- The Washington Times - Wednesday, April 7, 2021

The dreaded “U.K. variant” is the most prevalent form of the coronavirus in the U.S. and likely fueling the spread around day care centers and youth sports, while resulting in more hospital stays among adults in their 30s and 40s, the director of the Centers for Disease Control and Prevention said Wednesday.

“The B.1.1.7 variant is now the most common lineage circulating in the United States,” CDC Director Rochelle Walensky said, using the formal label. “Testing remains an important strategy to rapidly identify and isolate infectious individuals, including those with variants of concern.”

“These trends are pointing to two clear truths: One, the virus still has hold on us, infecting people and putting them in harm’s way, and we need to remain vigilant. And two, we need to continue to accelerate our vaccination efforts and take the individual responsibility to get vaccinated when we can,” she said.

A majority of seniors are fully vaccinated against COVID-19, and three-quarters have received at least one dose. 

Officials say younger people are fueling the spread as cases remain pinned above 60,000 per day. 

Deaths are down to around 750 per day — young people tend to have better outcomes — though officials remain worried about reports of severe disease in younger adults and don’t want to squander recent gains.

Dr. Walensky said as they ramp up testing around young activities, states should be cautious in reopening their societies generally.

“I’m really encouraged by these decreased numbers of deaths that I believe to be an impact of vaccination, especially vaccination of our elderly communities, but I think we’re way too high to be thinking that we’ve won this race,” she said.
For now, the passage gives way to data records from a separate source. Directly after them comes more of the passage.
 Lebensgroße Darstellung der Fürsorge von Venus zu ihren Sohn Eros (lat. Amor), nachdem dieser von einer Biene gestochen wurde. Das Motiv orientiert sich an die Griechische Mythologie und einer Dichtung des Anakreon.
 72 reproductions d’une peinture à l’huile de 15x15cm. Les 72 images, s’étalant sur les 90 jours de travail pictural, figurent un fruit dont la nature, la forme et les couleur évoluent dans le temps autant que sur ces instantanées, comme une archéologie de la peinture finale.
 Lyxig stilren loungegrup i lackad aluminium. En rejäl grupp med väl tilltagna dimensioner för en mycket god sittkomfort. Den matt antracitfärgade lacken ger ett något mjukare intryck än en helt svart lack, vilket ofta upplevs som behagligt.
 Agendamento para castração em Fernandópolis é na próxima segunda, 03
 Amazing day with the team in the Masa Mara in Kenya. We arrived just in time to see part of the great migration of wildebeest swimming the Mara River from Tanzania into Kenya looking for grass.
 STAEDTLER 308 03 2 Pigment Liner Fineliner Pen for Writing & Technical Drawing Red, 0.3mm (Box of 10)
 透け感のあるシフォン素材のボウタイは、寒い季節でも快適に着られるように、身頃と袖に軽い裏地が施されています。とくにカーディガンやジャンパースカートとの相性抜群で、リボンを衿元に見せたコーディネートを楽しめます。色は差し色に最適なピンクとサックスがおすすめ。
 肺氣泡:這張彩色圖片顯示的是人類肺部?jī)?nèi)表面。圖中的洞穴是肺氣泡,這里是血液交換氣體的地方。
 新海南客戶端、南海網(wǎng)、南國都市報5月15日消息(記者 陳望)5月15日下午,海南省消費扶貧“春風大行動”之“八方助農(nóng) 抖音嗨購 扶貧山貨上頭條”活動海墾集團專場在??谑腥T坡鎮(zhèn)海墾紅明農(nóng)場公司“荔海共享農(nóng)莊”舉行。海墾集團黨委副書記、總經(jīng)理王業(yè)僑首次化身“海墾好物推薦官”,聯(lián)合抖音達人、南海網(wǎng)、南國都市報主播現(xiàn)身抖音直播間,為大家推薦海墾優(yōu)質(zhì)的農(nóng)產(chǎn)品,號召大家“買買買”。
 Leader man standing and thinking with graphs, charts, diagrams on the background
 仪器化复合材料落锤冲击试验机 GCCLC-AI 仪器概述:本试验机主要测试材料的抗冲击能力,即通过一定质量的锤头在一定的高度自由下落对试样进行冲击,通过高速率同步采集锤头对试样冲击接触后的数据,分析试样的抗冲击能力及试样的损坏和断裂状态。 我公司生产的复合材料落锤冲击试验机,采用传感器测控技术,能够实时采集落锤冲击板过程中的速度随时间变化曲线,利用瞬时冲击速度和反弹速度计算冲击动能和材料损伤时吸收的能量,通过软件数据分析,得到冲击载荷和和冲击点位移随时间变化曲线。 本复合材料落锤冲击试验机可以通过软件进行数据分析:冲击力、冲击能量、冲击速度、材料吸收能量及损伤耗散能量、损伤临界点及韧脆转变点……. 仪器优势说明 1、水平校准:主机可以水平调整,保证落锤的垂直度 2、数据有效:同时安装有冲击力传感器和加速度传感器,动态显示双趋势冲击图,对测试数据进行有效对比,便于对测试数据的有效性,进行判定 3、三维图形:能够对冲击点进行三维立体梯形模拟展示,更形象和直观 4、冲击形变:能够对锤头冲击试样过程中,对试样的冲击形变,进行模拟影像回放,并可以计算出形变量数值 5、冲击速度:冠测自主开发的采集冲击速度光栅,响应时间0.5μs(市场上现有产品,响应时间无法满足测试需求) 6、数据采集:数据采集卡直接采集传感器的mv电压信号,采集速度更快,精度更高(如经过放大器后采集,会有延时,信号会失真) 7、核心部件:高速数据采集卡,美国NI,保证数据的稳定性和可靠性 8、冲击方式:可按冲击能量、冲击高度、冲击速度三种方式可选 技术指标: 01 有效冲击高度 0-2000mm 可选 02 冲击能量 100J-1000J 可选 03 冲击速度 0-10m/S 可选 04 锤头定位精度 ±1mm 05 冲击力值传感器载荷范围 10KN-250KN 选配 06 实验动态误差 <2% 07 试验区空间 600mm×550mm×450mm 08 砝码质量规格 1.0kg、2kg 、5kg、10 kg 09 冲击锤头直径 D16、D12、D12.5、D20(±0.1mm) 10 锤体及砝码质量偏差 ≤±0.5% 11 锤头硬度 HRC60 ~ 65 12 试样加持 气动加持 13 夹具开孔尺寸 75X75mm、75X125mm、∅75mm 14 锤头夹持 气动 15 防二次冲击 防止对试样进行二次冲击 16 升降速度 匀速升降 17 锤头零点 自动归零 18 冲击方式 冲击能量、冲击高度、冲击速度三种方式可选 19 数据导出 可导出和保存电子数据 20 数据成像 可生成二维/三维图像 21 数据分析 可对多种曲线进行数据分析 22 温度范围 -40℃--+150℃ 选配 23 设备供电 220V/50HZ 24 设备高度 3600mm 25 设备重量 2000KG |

President Biden on Tuesday said all states must offer the vaccine to all adults by April 19 instead of working methodically through priority groups. Many states were already doing that, as supply improves and the U.S. averaging 3 million cases per day.

The steady rollout of vaccines has many Americans wondering when normalcy will arrive, or what it might look like.

Officials declined to name a specific metric or number of cases but said normal life it will return, step by step, once there is a clear “domino effect” of better outcomes and reduced transmission among a spectrum of ages, as vaccines reach a greater proportion of the U.S.

“We’ll know it when we see it. It will be obvious as the numbers come down more dramatically,” said Dr. Anthony Fauci, director of the National Institute of Allergy and Infectious Diseases. “It’s on the way, hang in there.”